From the Departments of Neurology (K.E.G., J.M.P., J.O.-M., D.R.G., N.T., A.S.S.T., D.S.Z., D.E.N.-T., A.K.), Otolaryngology-Head and Neck Surgery (D.R.G., D.S.Z., D.E.N.-T., A.K.), Ophthalmology (D.R.G., D.S.Z., D.E.N.-T.), Emergency Medicine (D.R.G.), Neurosurgery & Medicine (D.R.G.), and Neuroscience (D.S.Z.), The Johns Hopkins University School of Medicine, Baltimore, MD; and School of Optometry (J.O.-M.), University of California, Berkeley.
Neurology. 2021 Jan 5;96(1):34-38. doi: 10.1212/WNL.0000000000010980. Epub 2020 Oct 1.

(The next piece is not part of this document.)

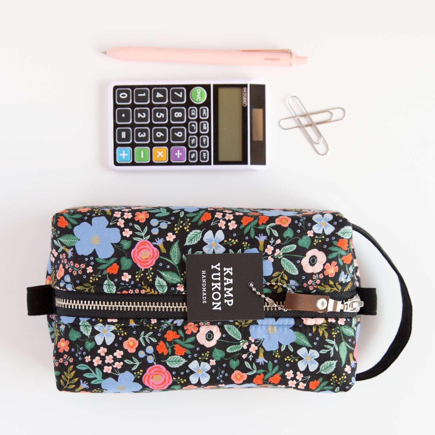 With just the right amount of batting and interfacing, this bag is soft and sturdy. Featuring a canvas handle, metal YKK zipper, leather zipper pull and two tabs for easy zipping and unzipping. Made from high-quality materials and built to last.

Patients with acute vestibular disorders are often a diagnostic challenge for neurologists, especially when the evaluation must be conducted remotely. The clinical dilemma remains: Does the patient have a benign peripheral inner ear problem or a worrisome central vestibular disorder, such as a stroke? The use of a focused history and the virtual HINTS (head impulse test, nystagmus evaluation, and test of skew) examination are key steps towards correctly diagnosing and triaging the acute vertiginous patient. When looking for signs of vestibulo-ocular dysfunction, there are important technological and practical considerations for an effective clinical interpretation.
急性前庭障碍患者常常给神经内科医生带来诊断上的挑战,尤其是在必须远程进行评估时。临床难题依然存在:患者是患有良性外周内耳问题,还是令人担忧的中枢性前庭障碍,如脑卒中?使用重点病史和虚拟 HINTS(摇头试验、眼震评估和偏斜试验)检查是正确诊断和分诊急性眩晕患者的关键步骤。在寻找前庭眼动功能障碍迹象时,有效临床解读需要考虑重要的技术和实际问题。